The designer can establish some rules and criteria for selecting, preparing, and cropping photos
as well as some restrictions on text styling, depending on the procedure that is agreed upon.
However, in general, it is the job of the designer to create the application's front-end in a way
that ensures that bad content creation, like a substandard image or a lengthy headline, does not
noticeably detract from the design's quality.
It is always a good idea to mock up an additional version or two of the same page with subject
matter that is noticeably different but still falls within the thematic range of what is publishable
in order to test a design to make sure it works for a variety of content.
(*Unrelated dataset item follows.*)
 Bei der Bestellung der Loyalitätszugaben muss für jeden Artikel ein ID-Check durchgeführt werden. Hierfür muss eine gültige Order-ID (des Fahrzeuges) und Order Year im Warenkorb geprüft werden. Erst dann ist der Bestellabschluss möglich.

One of the numerous advantages of maintaining regular header and image sizes and following a
logical information hierarchy from top to bottom inside a page is that it fosters harmony
throughout the application and keeps the user orientated.
Develop a modular, reusable set of style components for headings, dividers, buttons, widgets,
and other interface elements in a design application to make this easier to accomplish. Use these
elements frequently and logically, with as little modifications as possible. This article from offers
a helpful tutorial for building a Sketch UI library.
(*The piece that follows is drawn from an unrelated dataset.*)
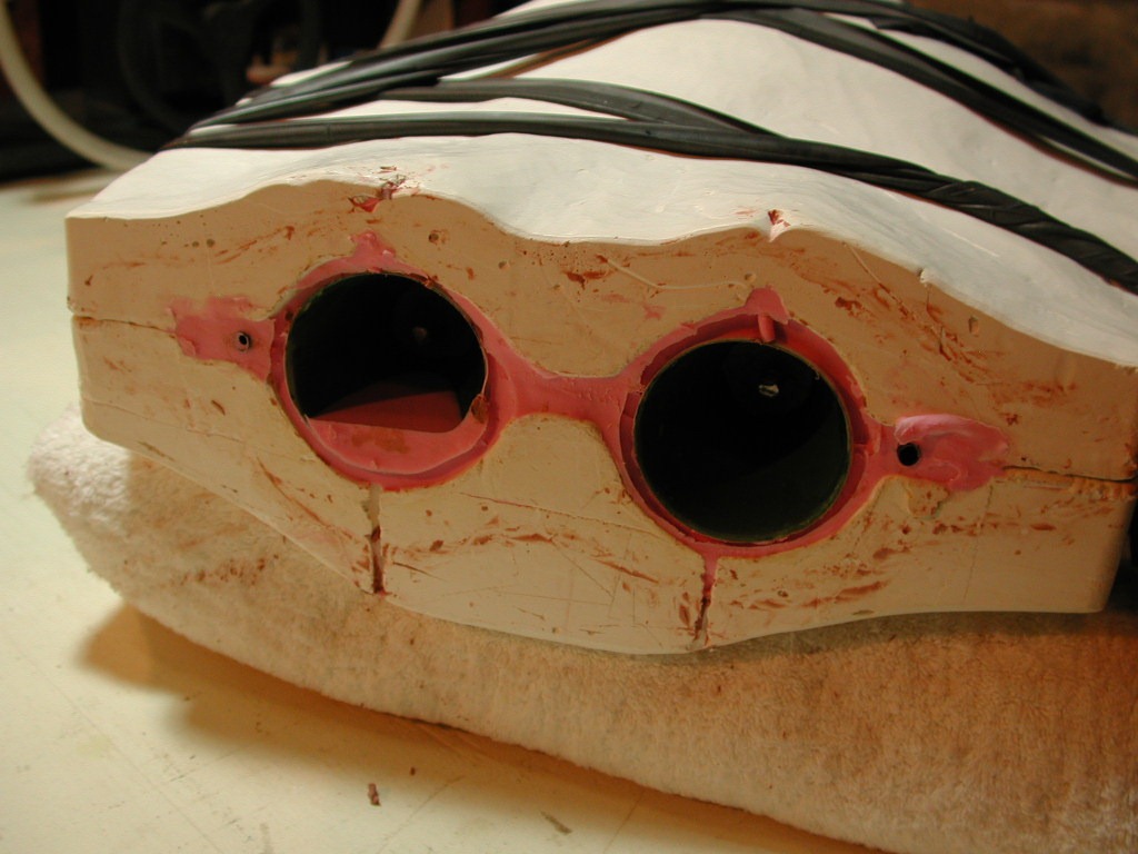 And that box mold I’m doing on the side? I added some pour spouts there too, and applied release. I’ll pour the second half right on top of the first, with whatever’s left over in the bucket from the big mold.

DON'T take it for granted that information will always fit in the allotted space.
The amount of text that displays in a given display area might change in length, which is one of
the unavoidable consequences of a CMS-driven application's dynamic nature. The designer
should never assume that a block of text will always fit on a specific number of lines. Character
restrictions can frequently be applied to text in the CMS to keep things sensible.
Individual character widths vary, and it is not usual to severely limit writers' originality by
imposing a very low character limit. This is why it is wise to test a design using actual material,
as was mentioned before, and to thoroughly examine each section using various text samples.
Put a string of wide alphabetical characters (such "w" if the material is in English) in place until
a certain character limit is reached to be sure of the worst-case situation.